Variedades

Um thriller visual para a exploração do inconsciente

Mulholland Drive – a Cidade dos Sonhos, de 2001, tornou-se uma espécie de clássico contemporâneo. O noir fantástico de David Lynch, ressurge agora (sem nunca haver desaparecido do radar cinéfilo) em tela grande e cópia nova. É assim mesmo que deve ser visto para ser curtido em sua plenitude.

Sim, porque, para além de seus enigmas, nunca inteiramente elucidados, Mulholland Drive é um belo exercício de maestria cinematográfica. Lynch é um magnífico criador de climas e de intensidades imagéticas. Manipula ritmos e alusões sonoras para imergir a plateia naquele estado que deseja, um sonho dirigido, em que as associações livres vão guiando uma trama sempre mais complexa à medida que avança.

Logo no princípio temos uma espécie de baile, em que casais dançam, ao som de uma música animada. Um prólogo. Depois, há uma sequência na estrada, um acidente de automóveis e uma garota, morena, que se esgueira, ferida. Em paralelo, há outra garota, esta loira, que chega a Los Angeles para tentar carreira no cinema.
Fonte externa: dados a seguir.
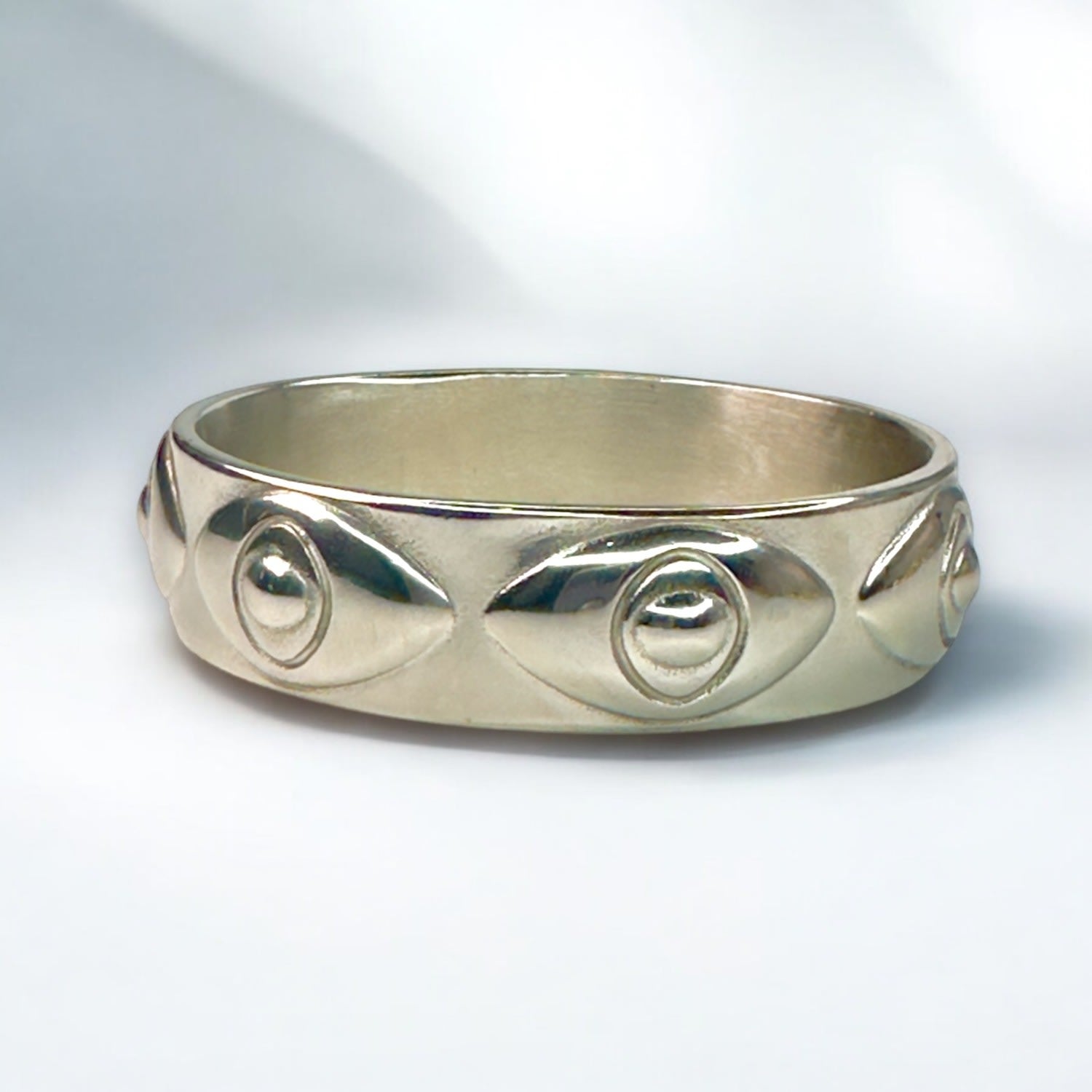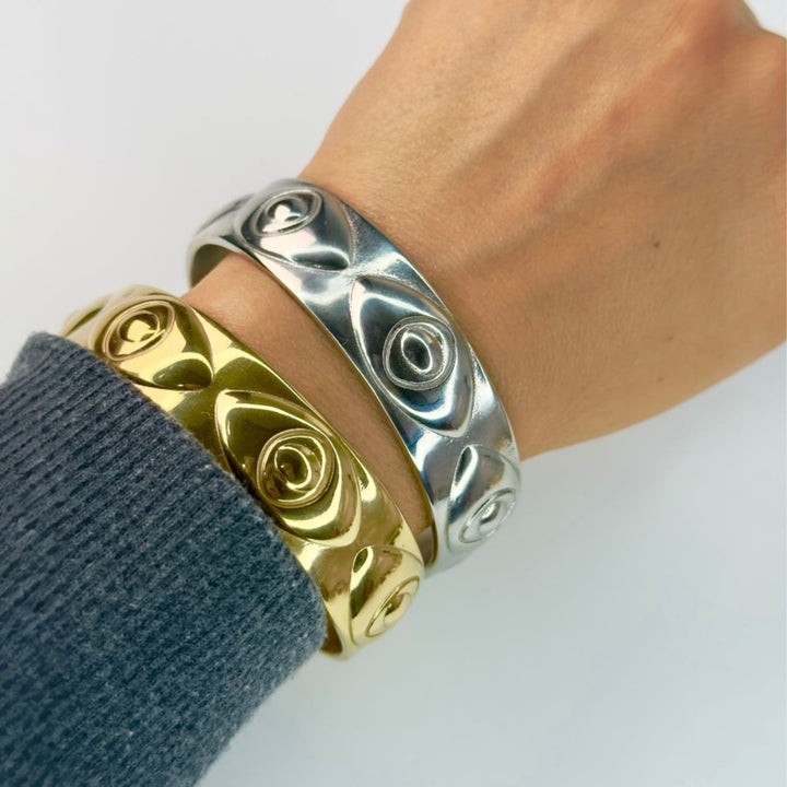 This bangle is crafted from stainless steel with intricately etched evil eye motifs.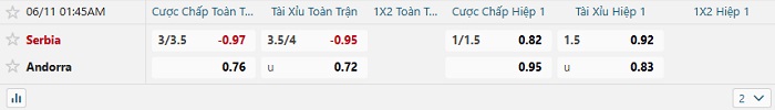 Bảng tỷ lệ kèo bóng đá Serbia vs Andorra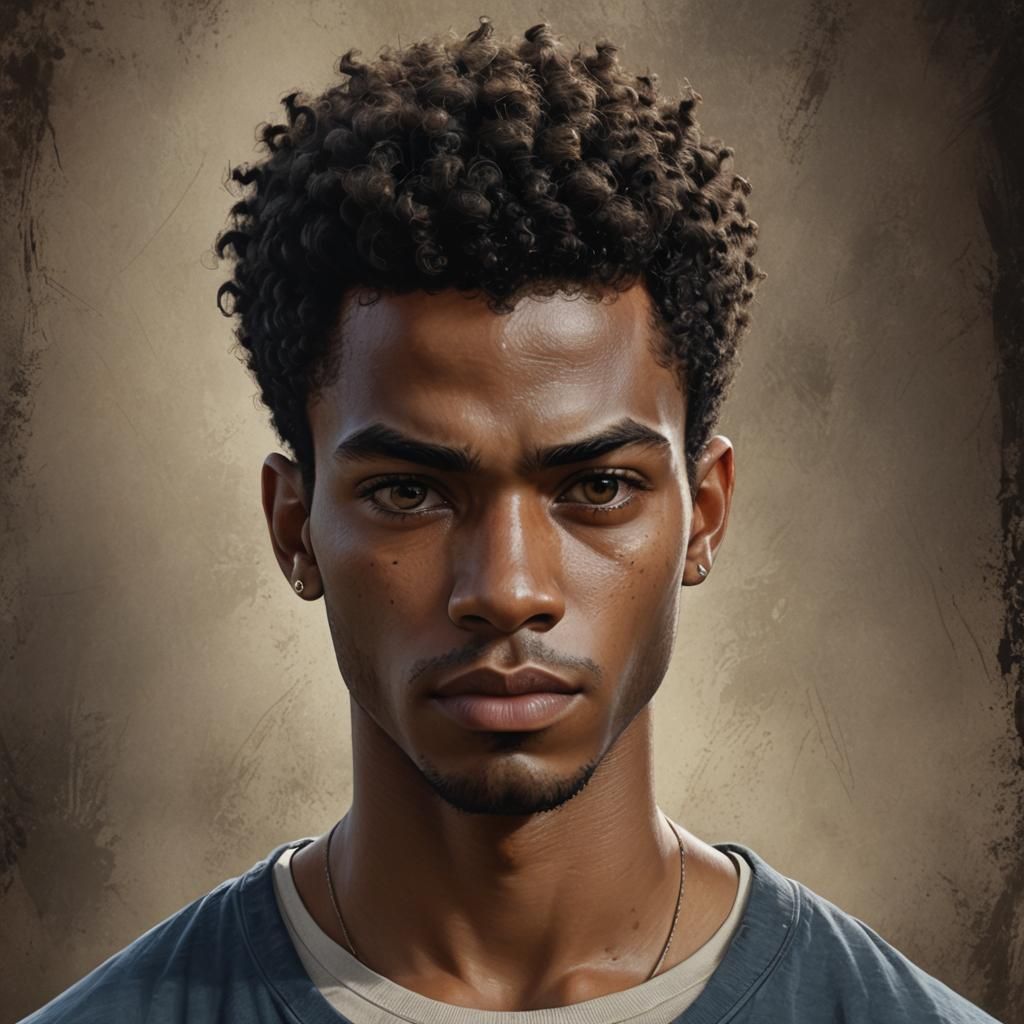 A striking picture of a muscular, handsome Afro-Latino man with short black hair. This detailed digital painting captures a serious yet friendly expression with a fantasy concept art aesthetic.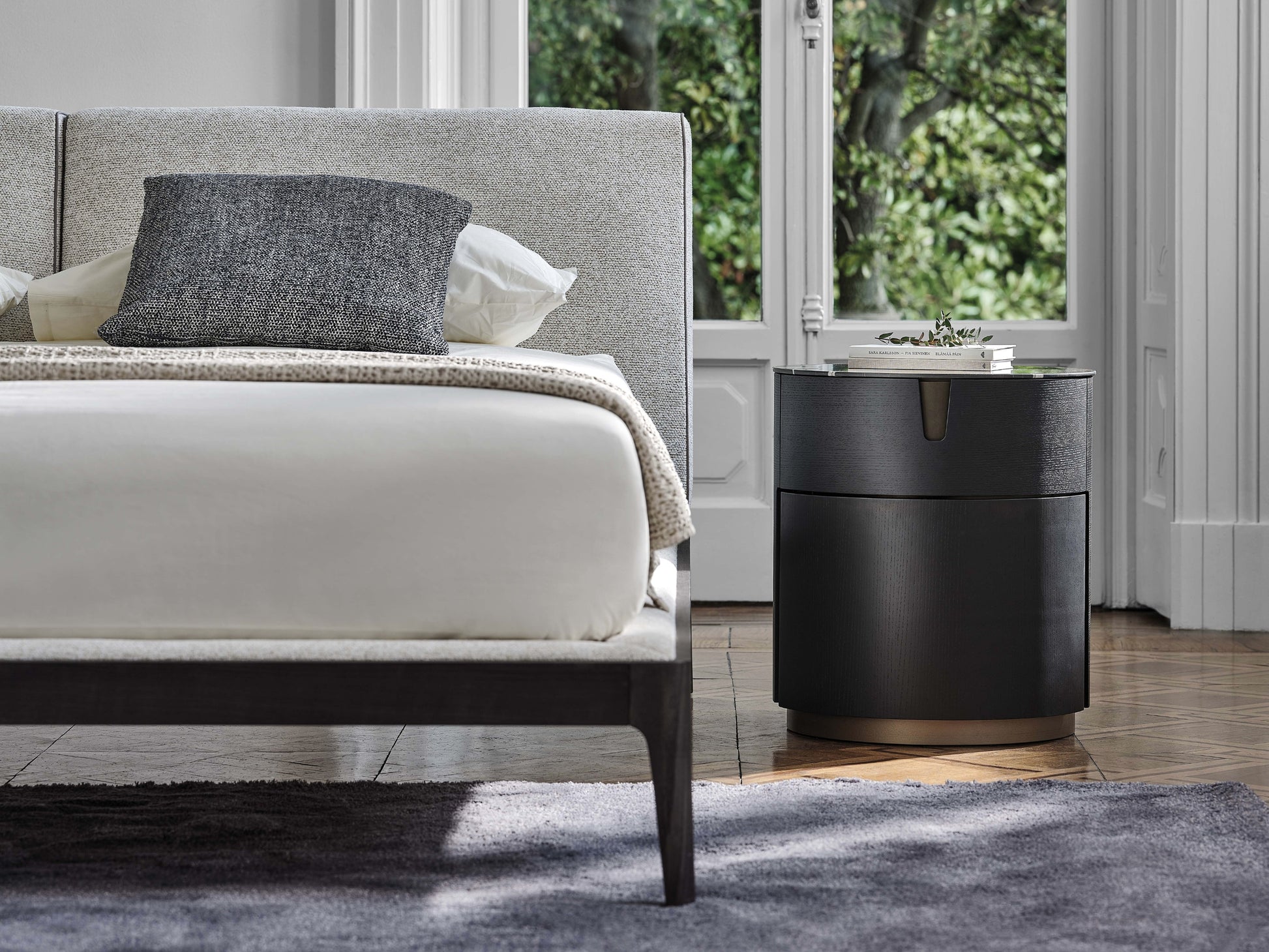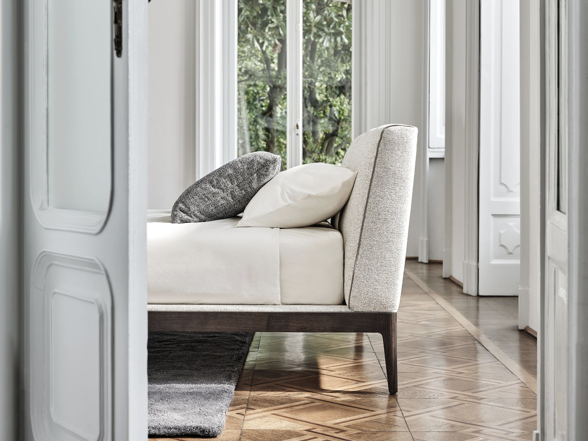 Its frame, available in ash or canaletta walnut, is lower than previous Ziggy Beds and it is designed to welcome thicker mattresses to meet the latest living needs. A soft headboard, divided into two separate sections, and an elegant piping, available in the colours of the Zenith collection, complete the bed’s design. Perfectly balanced in form and function, it enhances the style of any contemporary bedroom.

Estamos em Hollywood, a cidade dos sonhos a que o subtítulo brasileiro alude.

As duas moças acabam por se conhecer. A morena, Rita (Laura Harring), tornou-se amnésica com o acidente. Não sabe quem é. Adotou esse nome ao ver um cartaz de Gilda, estrelado pela deusa Rita Hayworth. A loira, Betty (Naomi Watts), tenta ajudá-la. Na bolsa de “Rita” as duas encontram uma montanha de dinheiro. E uma chave, que ninguém sabe para que serve. É a senha de Lynch para o espectador – será preciso encontrar uma chave, uma dica, uma mísera pista que o conduza por este emaranhado.

Teia que não deixa de complicar. Os personagens vão entrando: produtores de Hollywood claramente ligados a alguma espécie de máfia; um diretor que recusa o papel a uma protegée do crime organizado e se mete em maus lençóis. A polícia, um investigador. E por aí vai.

Lynch é um diretor invulgar. Vindo das artes plásticas, adota para o cinema uma linguagem própria, e que não se deixa decifrar com facilidade. Muito pelo contrário. Sua proposta é a de imersão em cantos profundos da mente, como se, através de uma trama de investigação, quisesse levar a uma experiência de contato com as regiões inconscientes da mente. Quer dizer, a sensações, medos, prazeres e desejos que não se confessam com facilidade, mas que estão lá, no nosso subsolo mental, em estado ativo ou vegetativo.

Esse tom, de fértil estranheza, é uma constante na obra de Lynch. De Veludo Azul a Twin Peaks, passando por Império dos Sonhos, seus filmes, ou séries de TV, visam essa dimensão inconsciente. Uma natureza humana misteriosa, com mais sombras que luzes, mais rica e complexa do que supõe a nossa vã filosofia.
As informações são do jornal O Estado de S. Paulo.